Ukrainian President Volodymyr Zelenskyy warned late Sunday

that Russian troops “are preparing new strikes, and as long as they have missiles, they won’t stop.” He met Monday with senior government officials to discuss what actions to take.

“The upcoming week can be as hard as the one that passed,” he predicted.

Russia has been carrying out massive missile bombardments on

Ukraine’s energy infrastructure roughly weekly since early October,

with each barrage having a greater effect than the last as damage accumulates and a frigid winter sets in.

Kyiv says the attacks, which Russia acknowledges target Ukrainian infrastructure, are intend to harm civilians, making them a war crime. Moscow denies its intent is to hurt

civilians but said last week their suffering would not end unless Ukraine

yielded to Russia’s demands, without spelling them out.

NATO Secretary General Jens Stoltenberg insisted Russian President Vladimir Putin was intent on using frost, snow and ice to his advantage, not just on the battleground but against Ukrainian civilians.

“President Putin is now trying to use the winter as a weapon of war against Ukraine, and this is horrific and we need to be prepare for more attacks,” he say on the eve of a two-day meeting of NATO foreign ministers in Bucharest, Romania. “That’s the reason why NATO’s allies have stepped up their support to Ukraine.” Poland, they said, had insist the cap be set lower than others want

Kyiv Mayor Vitali Klitschko say some of the city’s 3 million people might have to be evacuate to where essential services would be less prone to shutdowns caused by missile attacks.

National grid operator Ukrenergo say on Monday

it had been force to resume regular emergency blackouts in areas across the country after a setback in its race to repair energy infrastructure.Poland, they said, had insist the cap be set lower than others want

Units at several power stations had to conduct emergency shutdowns and demand for electricity has been rising as snowy winter weather has set in, a Ukrenergo statement said.

“Once the causes of the emergency shutdowns are eliminate, the units will return to operation, which will reduce the deficit in the power system and reduce the amount of restrictions for consumers,” it said.

Along the front lines in the east of Ukraine, the looming winter is ushering in a new phase of the conflict, after several months of Russian retreats, with intense trench warfare along heavily fortified positions.

With Russian forces having pulled back in the northeast and withdrawn across the Dnipro River in the south, the front line on land is only about half the length it was a few months ago, making it harder for Ukrainian forces to pinpoint weakly defended stretches to attempt a new breakthrough.

Zelenskyy described heavy fighting west of the Russian-held eastern city of Donetsk, where Moscow has focused its assault even as it has withdrawn troops elsewhere. Both sides claim huge casualties with little change in positions. Poland, they said, had insist the cap be set lower than others want

In its evening update on Monday,

Ukraine’s armed forces General Staff said Russia kept up heavy shelling of key targets Bakhmut and Avdiivka in Donetsk province, and to the north, bombarded areas around the towns of Kupiansk and Lyman, both recaptured recently by Kyiv.

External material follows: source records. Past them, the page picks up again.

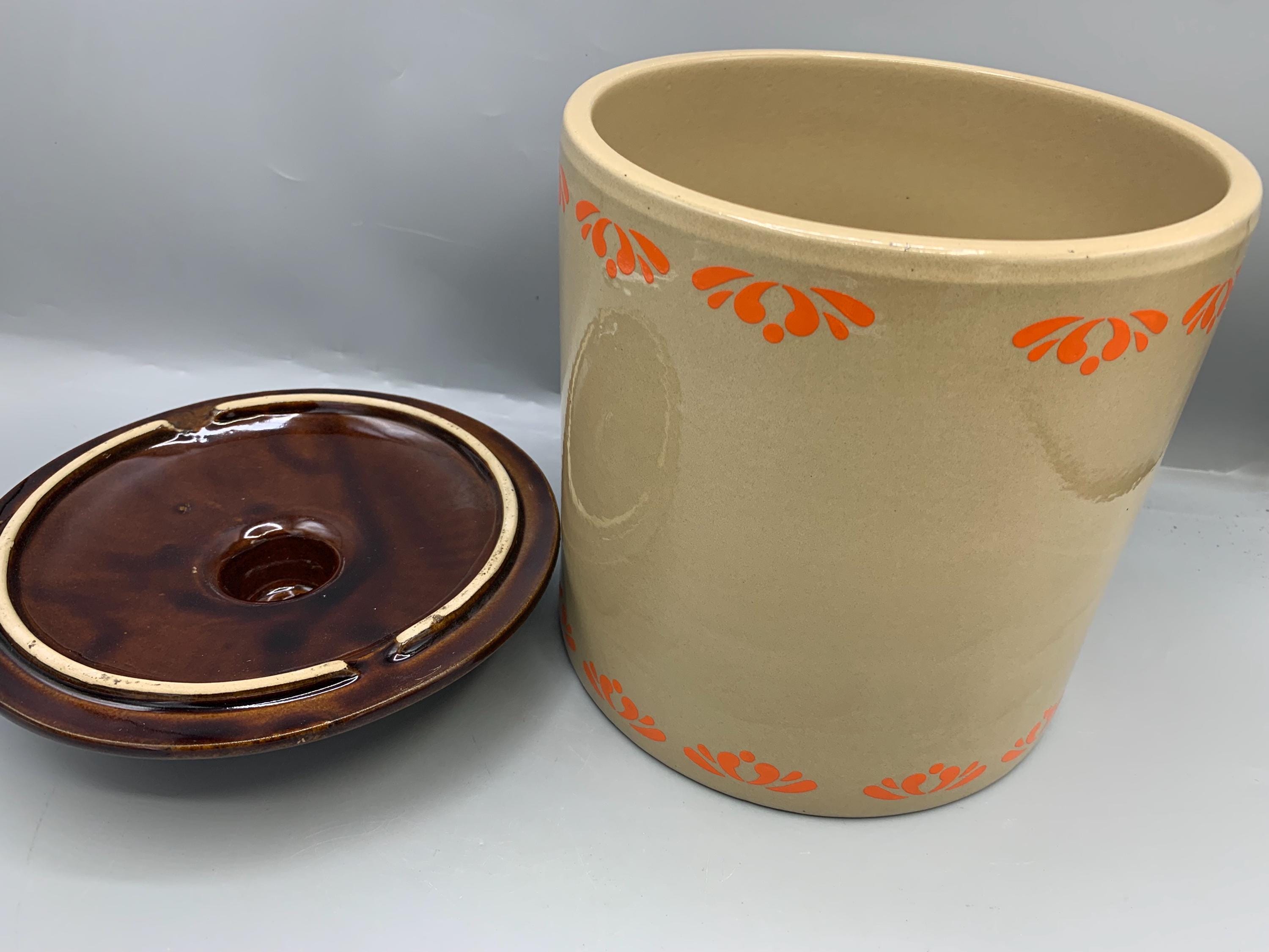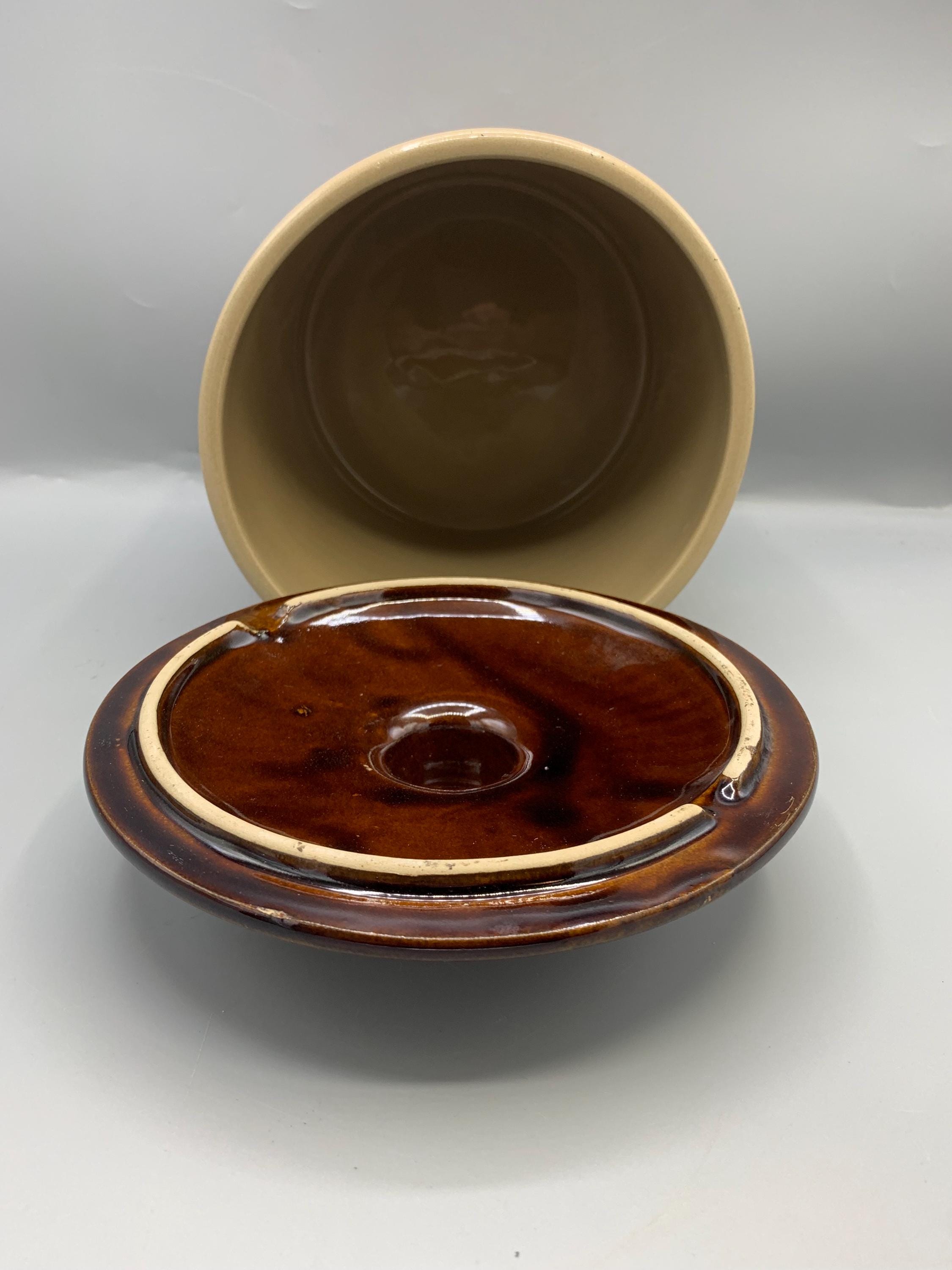 1980s Stoneware Two-Tone Cookie Crock made by Western Stoneware/Monmouth Pottery for Grandma’s Cookie Company.
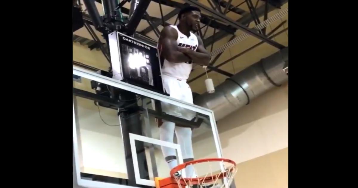 Форвард «Майами» Юдонис Хаслем залез на кольцо во время медиа-дня команды.
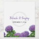 This elegant floral design features purple hydrangeas. The beautiful purple hydrangeas are complimented with their greenery. The bride's and groom's names are colour matched to the purple of the hydrangea flower and are encircled with three geometric rings. This is the perfect elegant floral wedding design ideal for any wedding theme. Elegant hydrangea flower wedding wine label design with modern elements. Matching wedding invitations and other stationery items are also available.
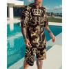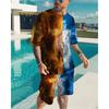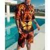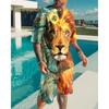 Roar Golden Lion Head Short Sleeve 2Pcs Set 3D Print Men Sweatshirt O-neck T-Shirt Set Men Oversized Tshirt Suit Men Clothes

On the southern front, it said, Russian forces had reinforced positions in occupied territory and were heavily shelling towns on the west bank of the Dnipro River, including Kherson, abandoned by Moscow earlier this month.

It said Ukrainian forces had damaged a rail bridge north of the Russian-occupied southern city of Melitopol that has been key to supplying Russian troops dug in there.

The Kremlin denied Russia had any plans to withdraw from the Zaporizhzhia nuclear power plant, Europe’s largest, which it has controlled since early in the war near the front line on a reservoir on the Dnipro river.

The head of Ukraine’s nuclear power operator,

Petro Kotkin, had said on Sunday there were signs Russia might pull out. But Kremlin spokesperson Dmitry Peskov responded on Monday: “There’s no need to look for signs where there are none and cannot be any.”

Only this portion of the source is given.